### Task item
Don't include any picture when you restate the data word for word.

[Excerpts from a dataset]
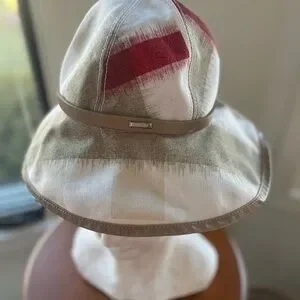 Burberry Beige and Red Bucket Hat
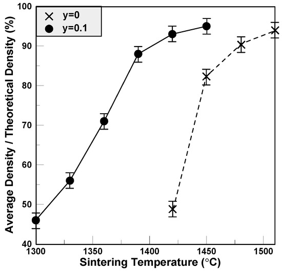 For BCTS ceramics, the lattice constant and theoretical density measured from the XRD patterns shown in Figure 1 are 4.003 Å and 6.04 g/cm3, respectively, and the percentages of the measured average densities are shown in Figure 3. It can be seen that for pure BCTS ceramic sheets (y = 0), as the sintering temperature increases, the average density increases, saturates gradually, and equals 93% of the theoretical density at about 1510 °C. However, for the BCTS–0.1LiF sheets, as the sintering temperature increases, the average density increases, and saturates gradually and equals 94% of the theoretical density at only about 1390 °C. This phenomenon means that the LiF was already a good sintering promoter for the BCTS ceramics, which can dense the sheets as well as low down its sintering temperature. However, for obtaining better flexibility of the sheets, more polyvinyl alcohol (PVA) binder were used, and hence, the average density of the sheets was usually smaller than that of the normal specimen.
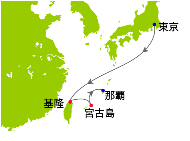 外国船はカボタージュ規則により、必ず海外の港に寄港しなければならないため、最低でも3泊以上になります。
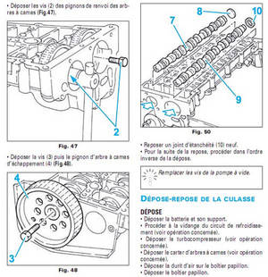 Elle explique les méthodes de dépose / repose des éléments du moteur, la culasse par exemple. On y retrouve également les valeurs de réglage et les couples de serrage pour les différents moteurs équipant le véhicule. Elle permettra aussi de différencier les moteurs montés sur le véhicule.
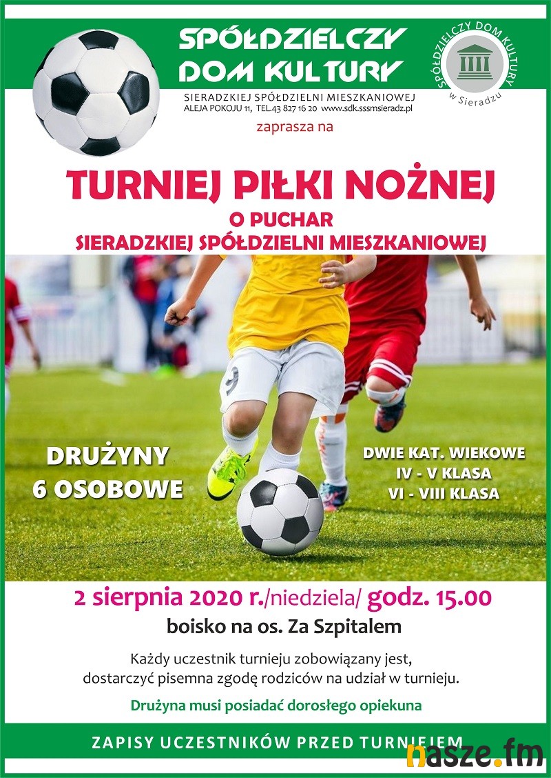 Spółdzielczy Dom Kultury w Sieradzu zaprasza 2 sierpnia na Turniej Piłki Nożnej o Puchar Sieradzkiej Spółdzielni Mieszkaniowej. Początek o godz. 15 na boisku na osiedlu za Szpitalem.
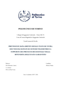 Previsione data-driven dello stato di usura dei veicoli dotati di sistemi telemetrici a supporto dei processi decisionali nella rivendita dell’usato garantito = Data-driven prediction of vehicle wear and tear with telemetry systems to support decision-making in the resale of guaranteed used vehicles.

### Your response
 Burberry Beige and Red Bucket Hat
 For BCTS ceramics, the lattice constant and theoretical density measured from the XRD patterns shown in Figure 1 are 4.003 Å and 6.04 g/cm3, respectively, and the percentages of the measured average densities are shown in Figure 3. It can be seen that for pure BCTS ceramic sheets (y = 0), as the sintering temperature increases, the average density increases, saturates gradually, and equals 93% of the theoretical density at about 1510 °C. However, for the BCTS–0.1LiF sheets, as the sintering temperature increases, the average density increases, and saturates gradually and equals 94% of the theoretical density at only about 1390 °C. This phenomenon means that the LiF was already a good sintering promoter for the BCTS ceramics, which can dense the sheets as well as low down its sintering temperature. However, for obtaining better flexibility of the sheets, more polyvinyl alcohol (PVA) binder were used, and hence, the average density of the sheets was usually smaller than that of the normal specimen.
 外国船はカボタージュ規則により、必ず海外の港に寄港しなければならないため、最低でも3泊以上になります。
 Elle explique les méthodes de dépose / repose des éléments du moteur, la culasse par exemple. On y retrouve également les valeurs de réglage et les couples de serrage pour les différents moteurs équipant le véhicule. Elle permettra aussi de différencier les moteurs montés sur le véhicule.
 Spółdzielczy Dom Kultury w Sieradzu zaprasza 2 sierpnia na Turniej Piłki Nożnej o Puchar Sieradzkiej Spółdzielni Mieszkaniowej. Początek o godz. 15 na boisku na osiedlu za Szpitalem.
 Previsione data-driven dello stato di usura dei veicoli dotati di sistemi telemetrici a supporto dei processi decisionali nella rivendita dell’usato garantito = Data-driven prediction of vehicle wear and tear with telemetry systems to support decision-making in the resale of guaranteed used vehicles.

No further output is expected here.